Но почему, собравшись жениться на Энн Уэтли, он связал судьбу с другой Энн? Я полагаю, как написали бы в вульгарном женском журнале, он был охвачен любовью к одной, а чувственным влечением — к другой. Весьма логично предположить, что он впервые познал физическую близость с Энн Хэтауэй весной 1582 года, возможно, на ежегодном майском празднике. Возможно, они познакомились несколько раньше, но разница в их возрасте была слишком велика, и сексуальное сближение невозможно, пока он не достиг зрелости. У них была разница в восемь лет: в момент заключения их брака Энн было двадцать шесть, а Уиллу — восемнадцать. Ее отец, умерший в 1581 году, был фермером в Шоттери, и дом, известный нам под названием дом Энн Хэтауэй, теперь является, строго говоря, фермой Хьюланд. Завещание Ричарда Хэтауэя обязывает его сына и наследника, Бартоломью, переехать на ферму и управлять ею от лица вдовы. Вдовой была вторая жена Ричарда, не родная мать Энн, и Энн, очевидно, пришлось жить в доме, полном просто полуродни, так как у нее было три сводных брата, и через три месяца после вступления в права наследования Бартоломью, к ним присоединилась и его жена (Бартоломью теперь получил возможность жениться), которая, вероятно, чувствовала себя на ферме хозяйкой, а вдова Ричарда Хэтауэя жила на ферме в качестве вдовствующей королевы. Положение Энн на ферме было достаточно неопределенным, хотя она, конечно, обязана была работать: возможно, присматривать за маслобойней. В двадцать шесть лет, критическом для незамужней возрасте, она, должно быть, начала отчаянно подыскивать мужа, — возможно, дома ей уже пеняли за столом во время еды на затянувшееся девичество.

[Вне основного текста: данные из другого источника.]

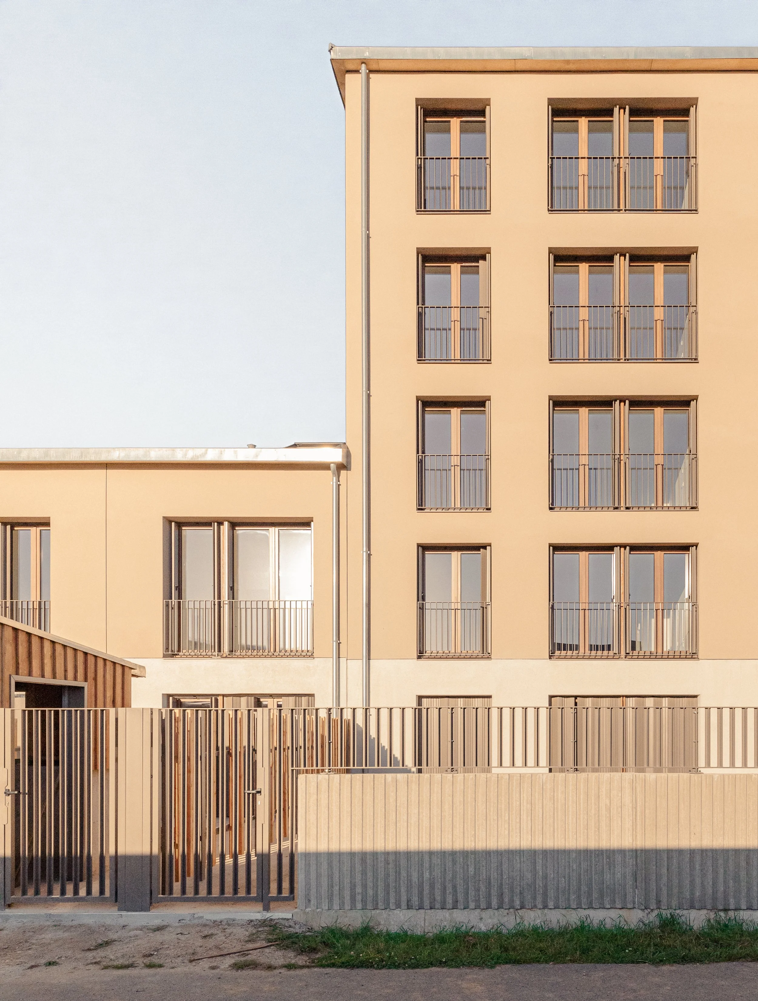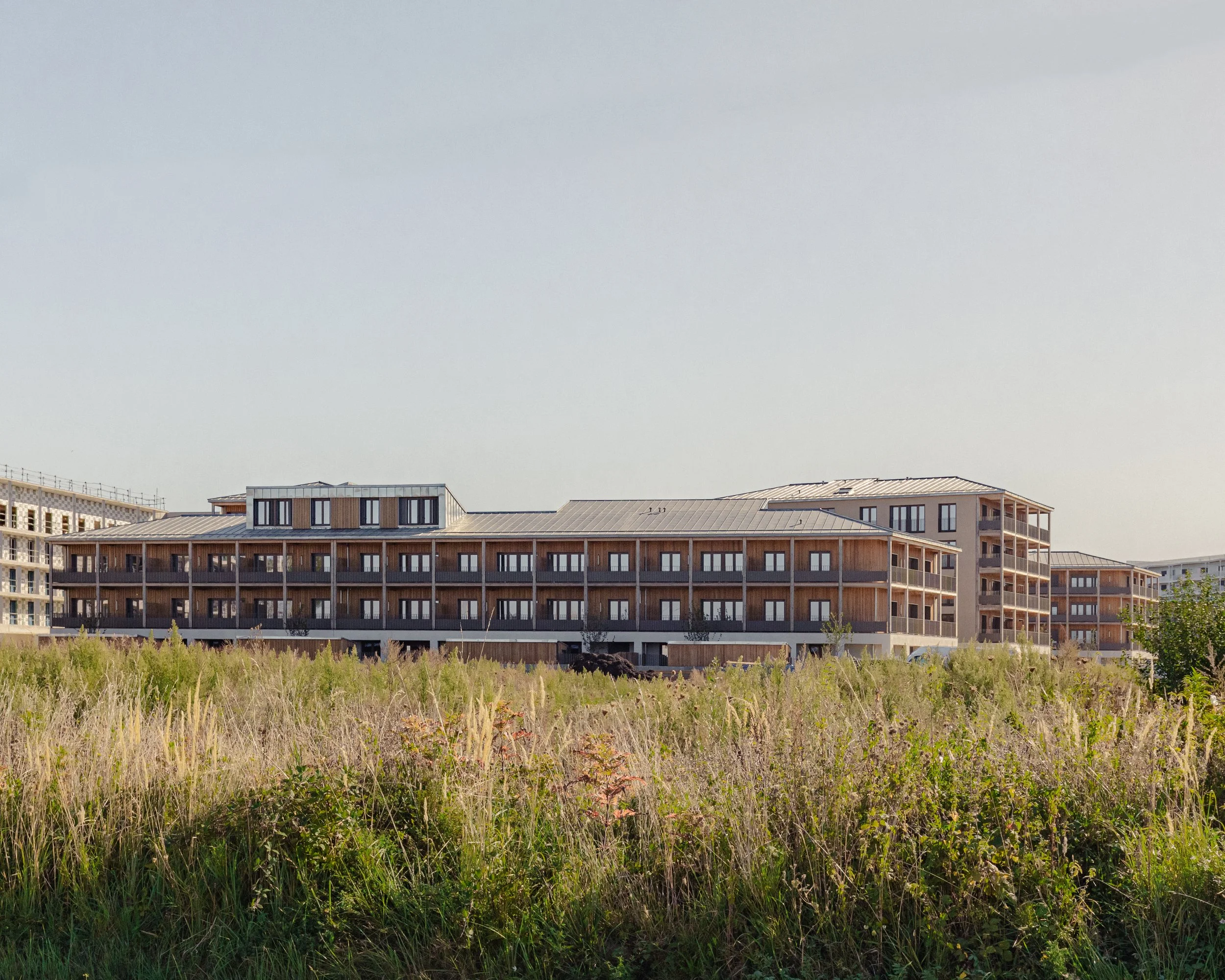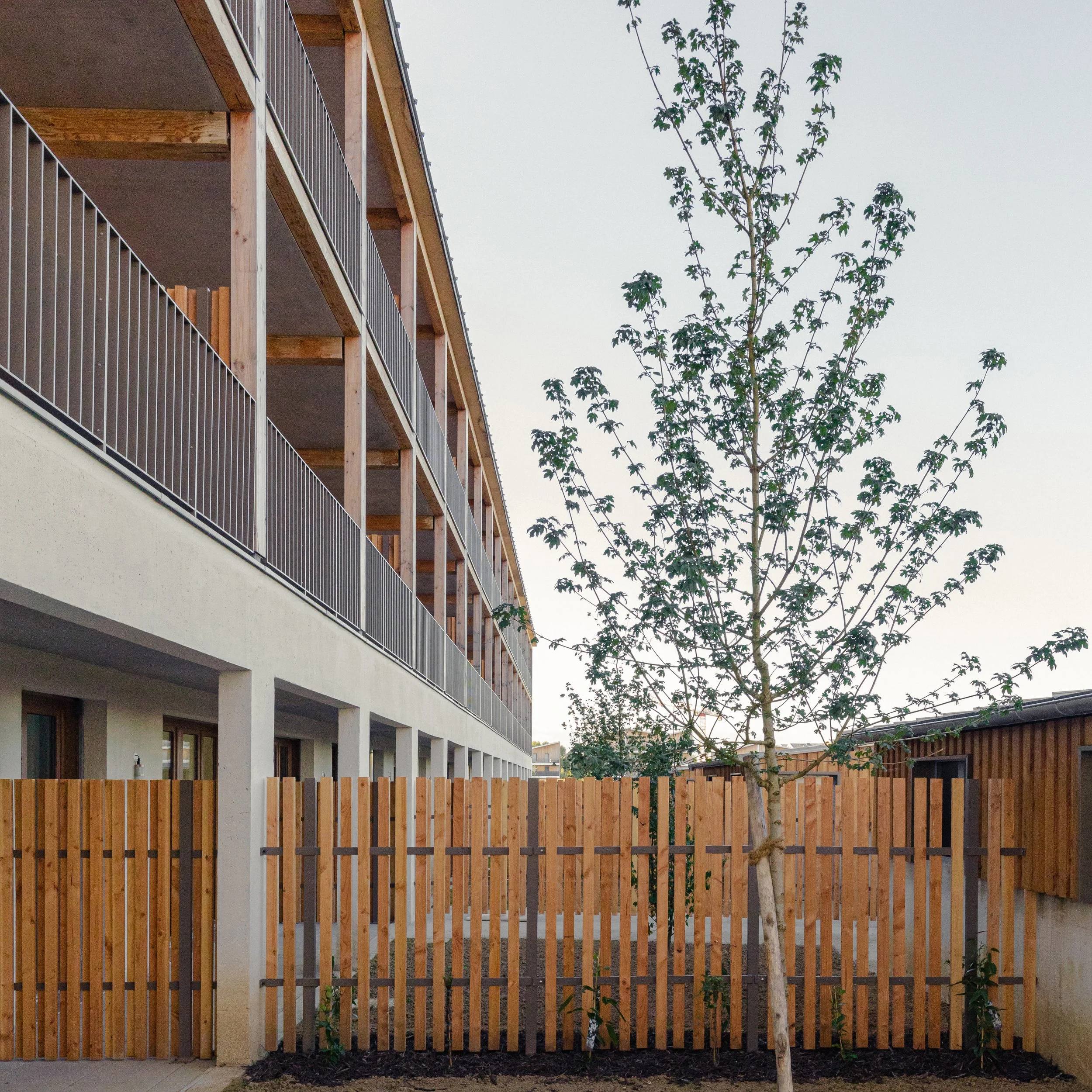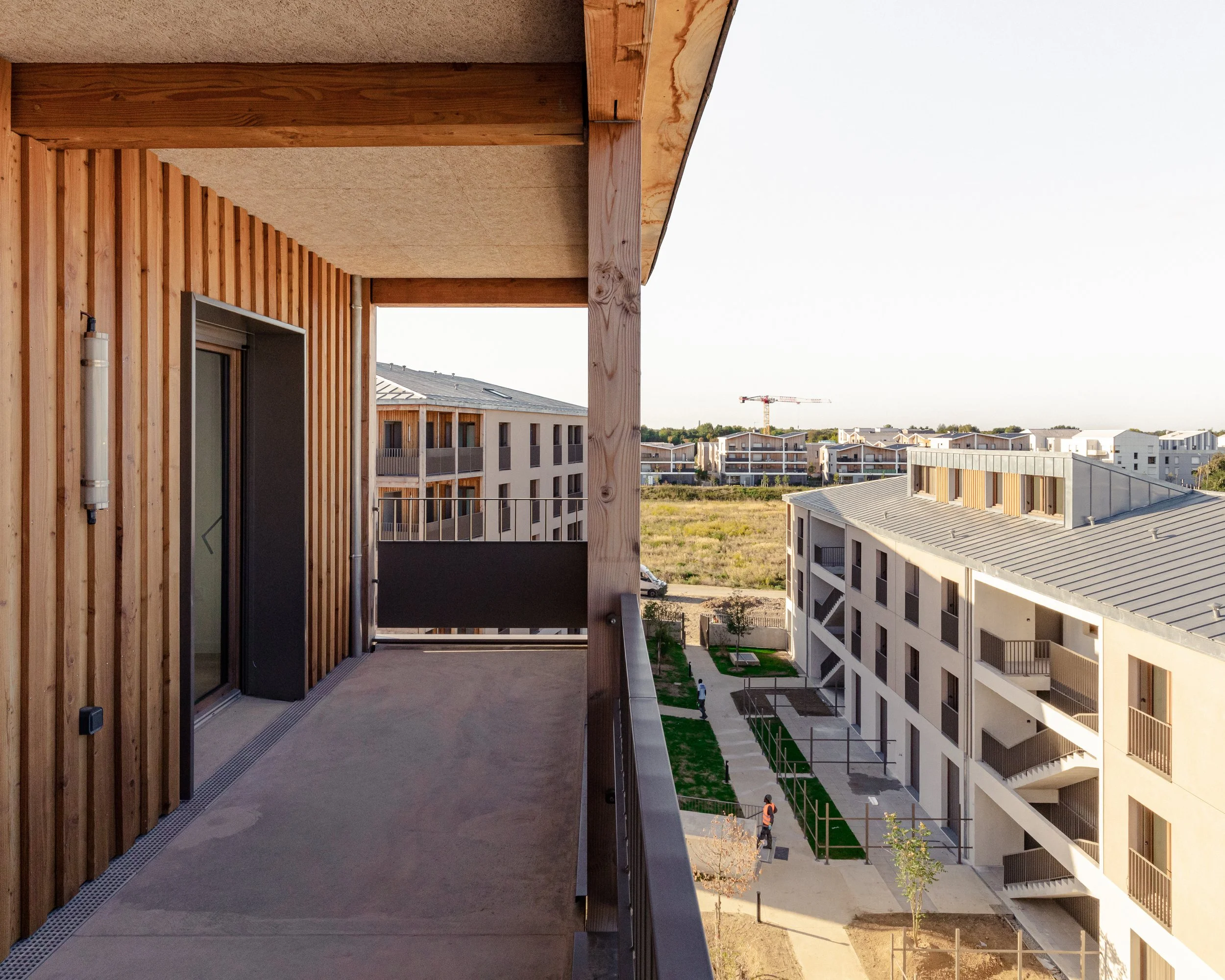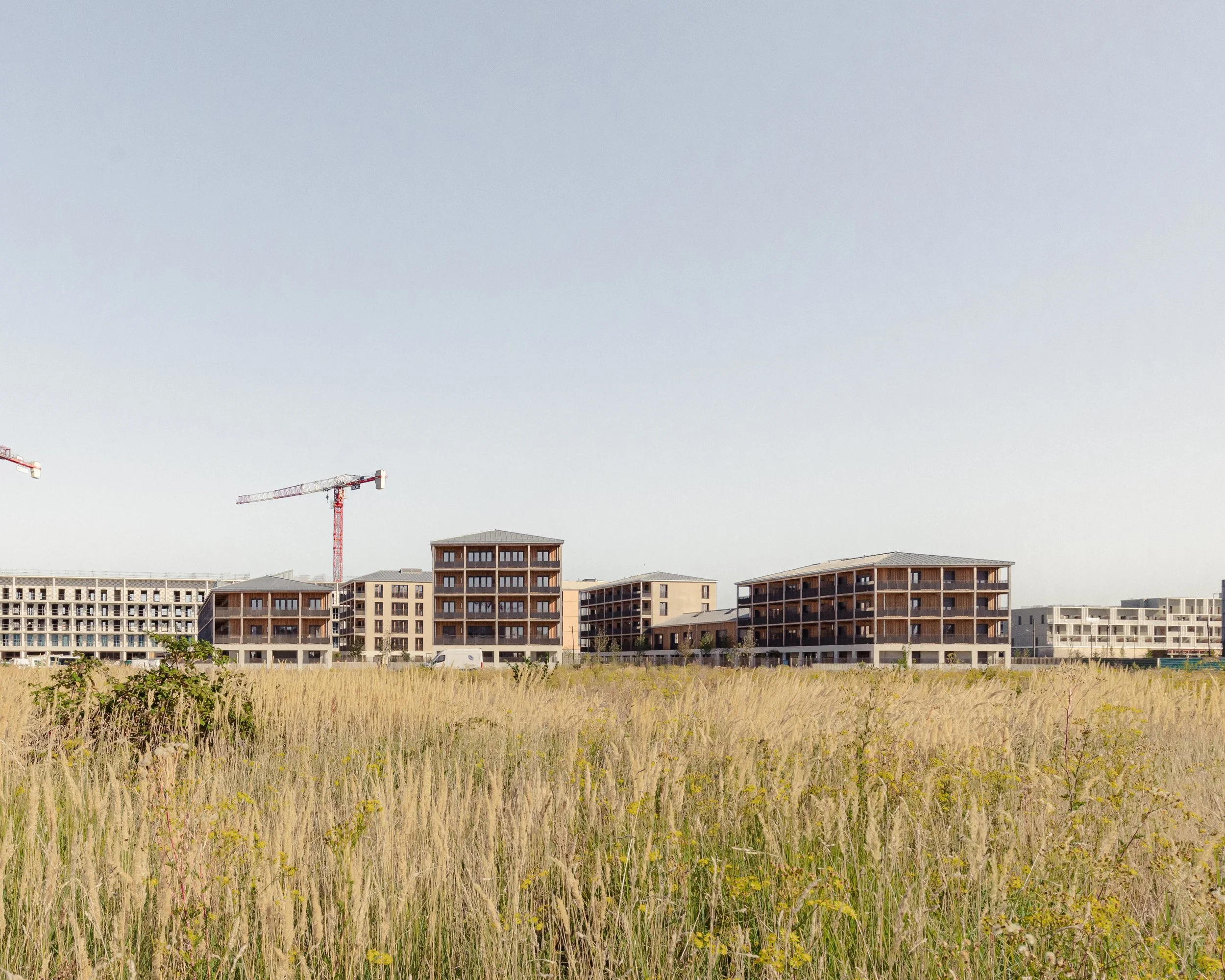 “ La conception des logements est guidée par les vues offertes sur ces grands espaces plantés à différentes échelles. Chaque logement possède un espace extérieur généreux d’au moins 15m². Un système de pièce de vie servante permet de supprimer les couloirs et d’offrir uniquement des m² utiles et habitables et des pièces de vies multi orientées et donc flexibles dans leurs utilisations. Le projet développe une identité architecturale à la fois domestique et unitaire pour l’ensemble des bâtiments aux hauteurs et échelles variées, organisée autour des espaces extérieurs en structure bois. ”

Одним из способов выйти замуж была беременность. Совершивший неблаговидный поступок согласился бы жениться, возможно, под воздействием угроз или под дулом ружья. В поэме Уилла «Венера и Адонис» рассказывается о том, как зрелая богиня обхаживает красивого юношу, еще не готового к любви и увлекающегося пока лишь охотой. Венера — чувственна, красноречива, весьма настойчива, но глупый птенец отвергает предлагаемые ею сокровища. Он отправляется охотиться на дикого кабана, и дикий кабан насмерть пронзает его клыками. Венера рыдает, отчасти от жалости к себе: это прекрасное, но искалеченное тело уже недоступно ее соблазну. Но Уилл-Адонис, совершенно точно, не тратил время на беготню за кабаном, и Венере-Энн не пришлось слишком долго уговаривать его. И хотя он пытался жениться на другой, она победила, не прибегая к красноречию. Как излагает это Стивен Дедал, как бы ни старались другие, Энн знала способ.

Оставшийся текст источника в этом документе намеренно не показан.